Who would you choose if you had a choice and tell me why!deer#1 starting from left to right, deer#2, and deer#3


----------



## kayak1979 (Jul 13, 2014)

#1 and #3 look like they are the same deer. I would take any of them as it's meat in the freezer, but if it's for antlers I think #2 has a better looking rack.


----------



## FISHAHOLIC85 (Apr 22, 2011)

#1 and #3 are def the same buck. I'd take the non typical. It's all on what you like. I like character and mass. HOWEVER, from the looks of them if you can hold off and let em go another 1-2years, they will be MONSTERS. If you hunt a low pressure area, I'd give them the pass this year...just my 2 cents


----------



## Hollywood33 (Jun 23, 2013)

They might be the same deer now that I'm looking at it.
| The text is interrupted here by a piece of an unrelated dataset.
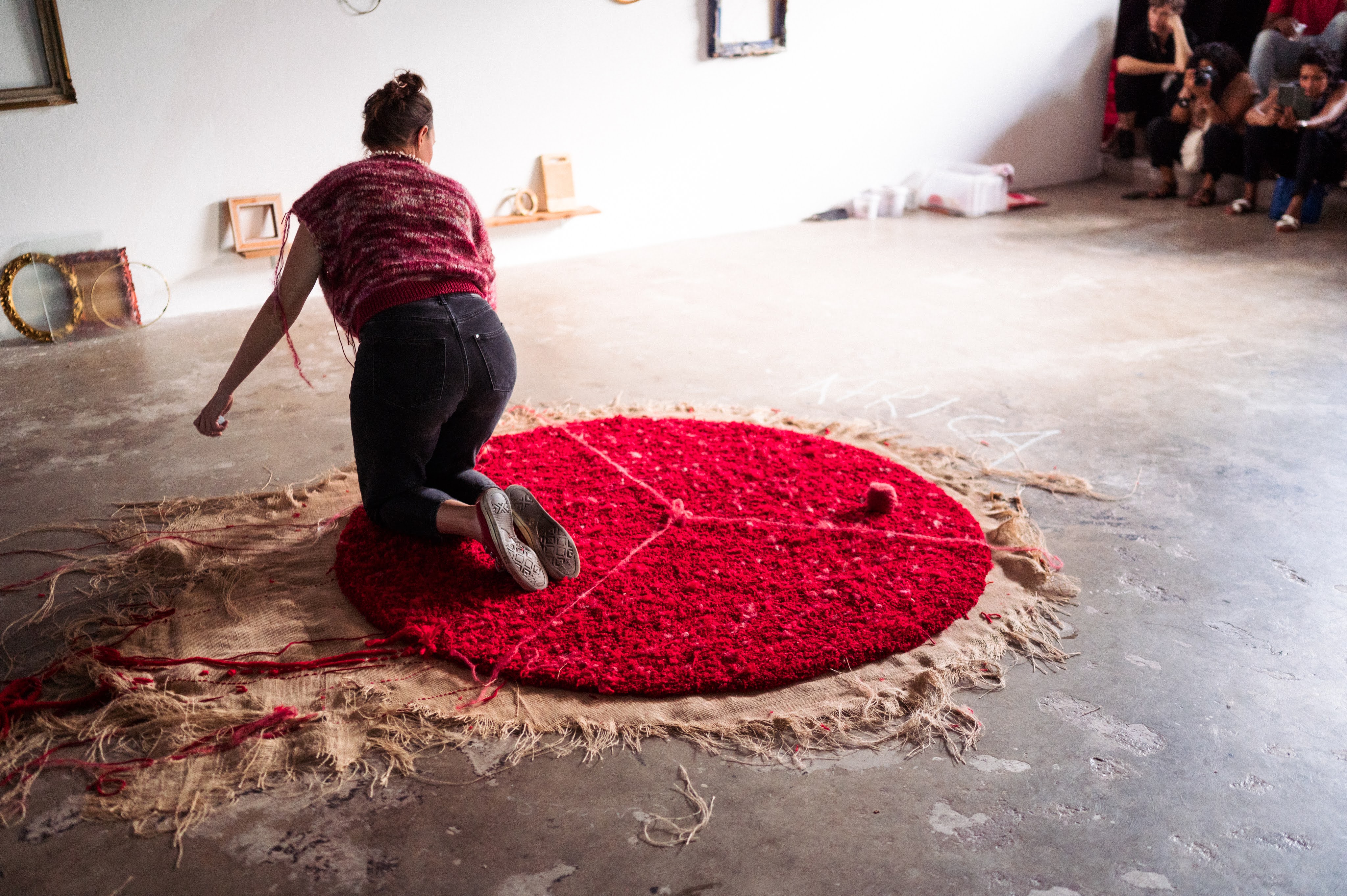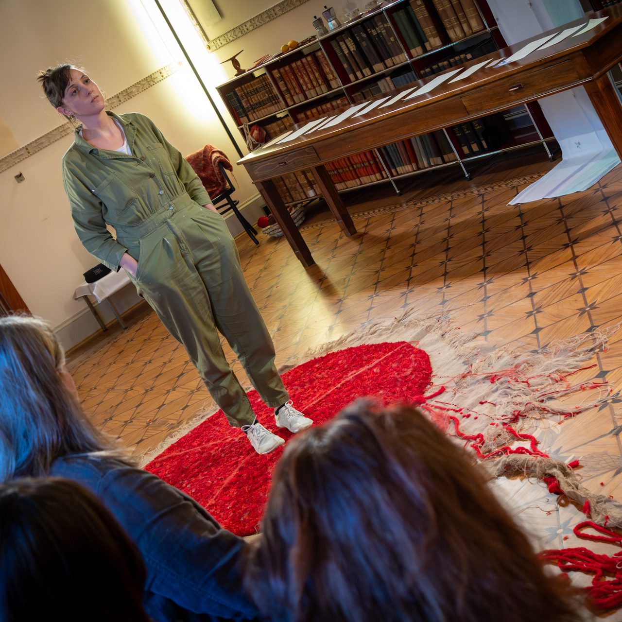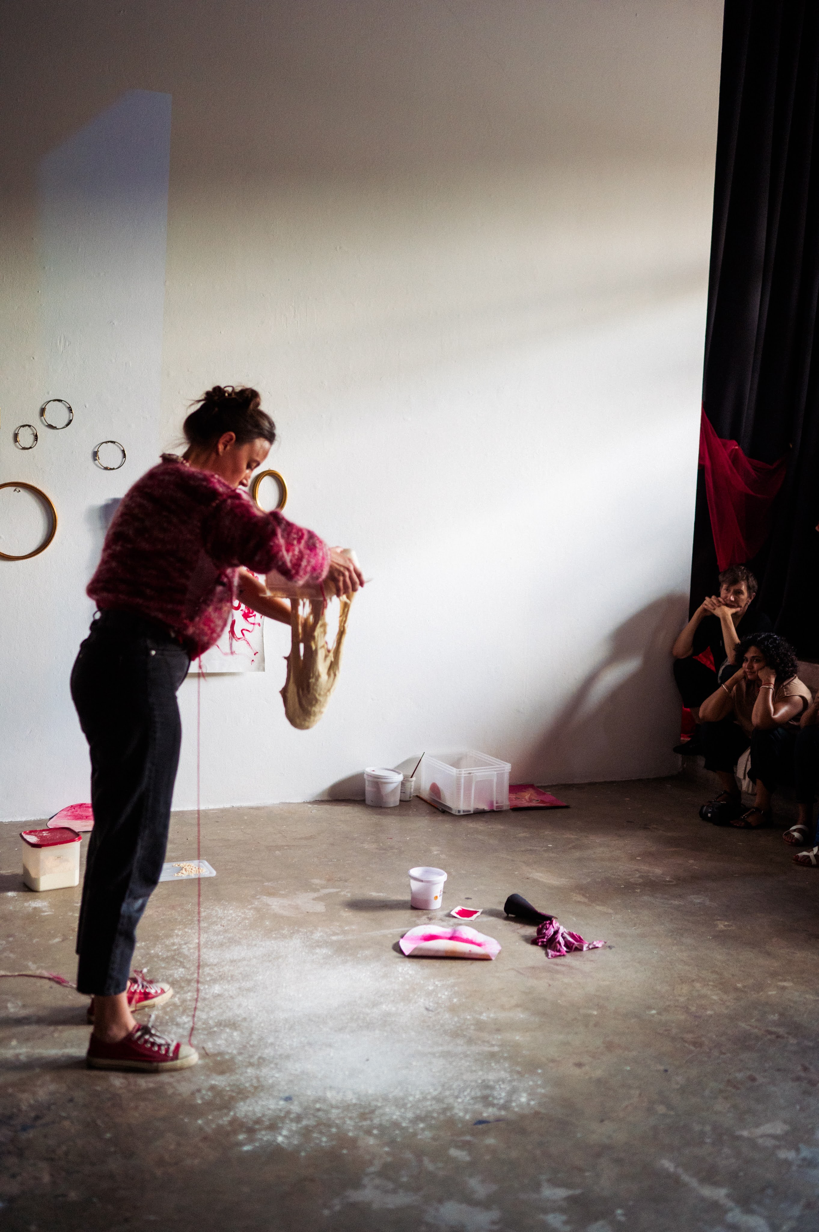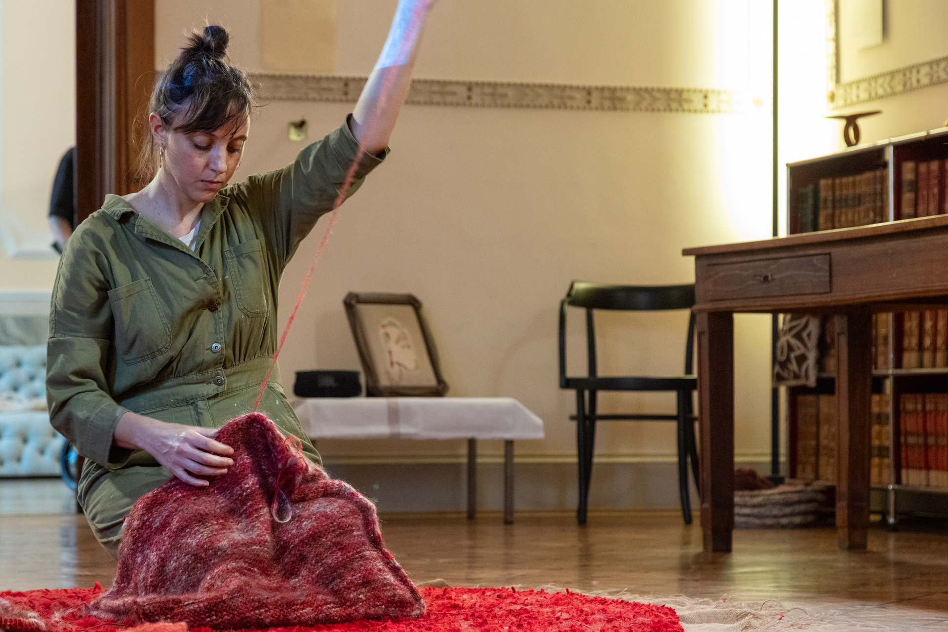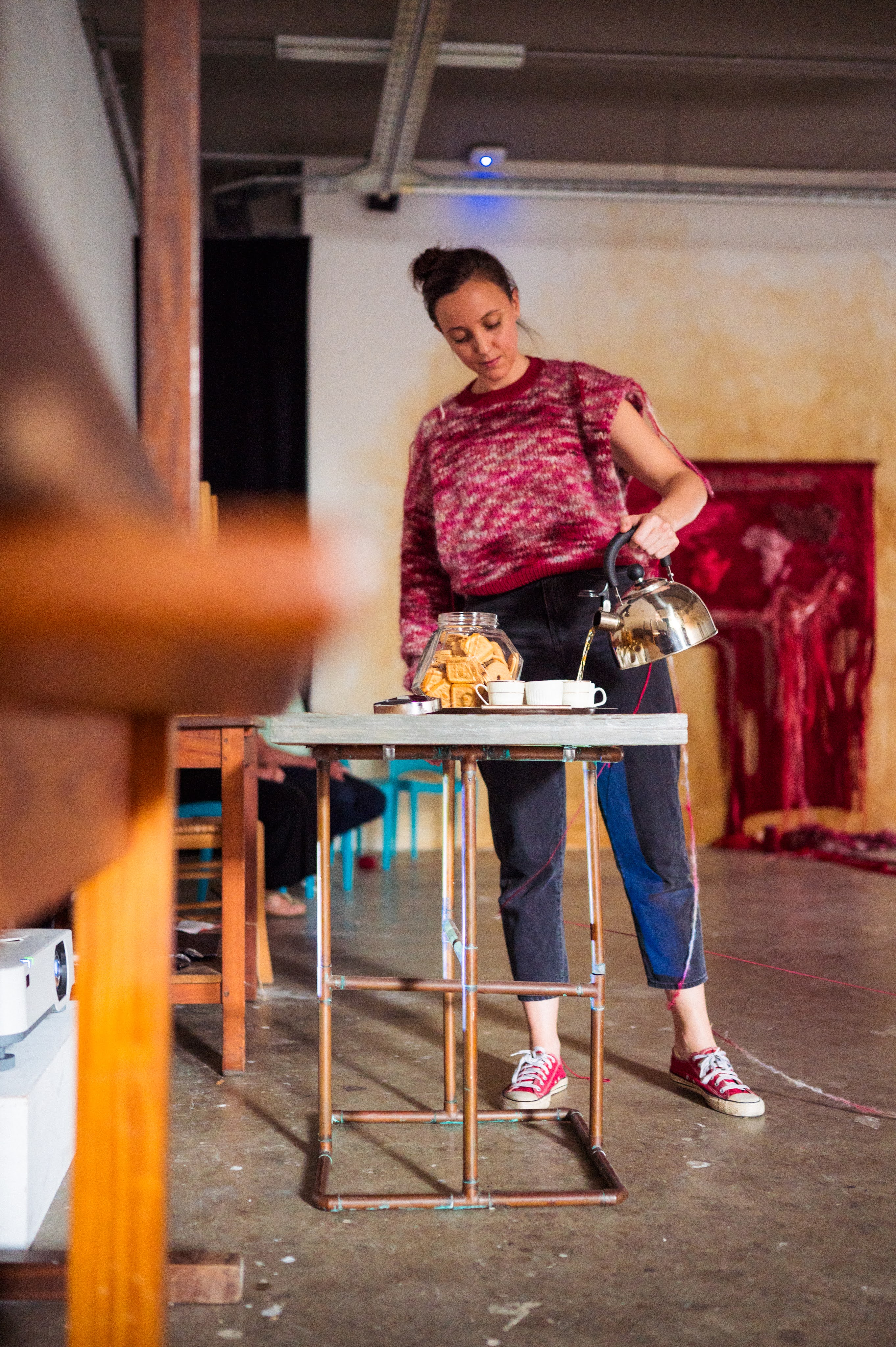 The performance Things I Found Nelle Viscere tells a story about unravelling a colonial history of knowing, being and doing, with a particular focus on unravelling art at the intersection between aesthetics, aesthesis and God. The performance activates the entire exhibition space and the artworks in it. It considers the whole space as a home made up of assorted living rooms, storerooms, corridors and kitchens, all of which are interacted with as the story progresses. This performance invites the audience into the story of this tender albeit fractured home, offering moments to witness, commune and sit-with the work over shared food and stories.

Though to tell. Either way I'm excited. Passing up on one of those will be a tough task. I overall have 7 bucks in the area. Hopefully, I can harvest one!


----------



## hopintocash2 (Aug 14, 2011)

let me know which one you choose, i'll take the other one. lol  both are nice deer. good luck


----------



## Hollywood33 (Jun 23, 2013)

hopintocash2 said:


> let me know which one you choose, i'll take the other one. lol  both are nice deer. good luck


Haha thanks! Super excited for this season! Good luck to you as well!


----------



## AlD (Dec 8, 2011)

Nice pics, wish I had them on my trail cam. 1 & 3 do appear to be the same buck and maybe it is the further distance of the photo, but 1 or 3 appear to have bigger rack.


----------



## AlD (Dec 8, 2011)

Oh I really didn't vote, From I can tell I would look for #1.


----------



## Hardtop (Nov 24, 2004)

Pass on both of them and tell us all where the photos were [email protected]@@#!!


----------



## Hollywood33 (Jun 23, 2013)

Haha hardtop...I'll tell you this. These deer are somewhere in ohio!


----------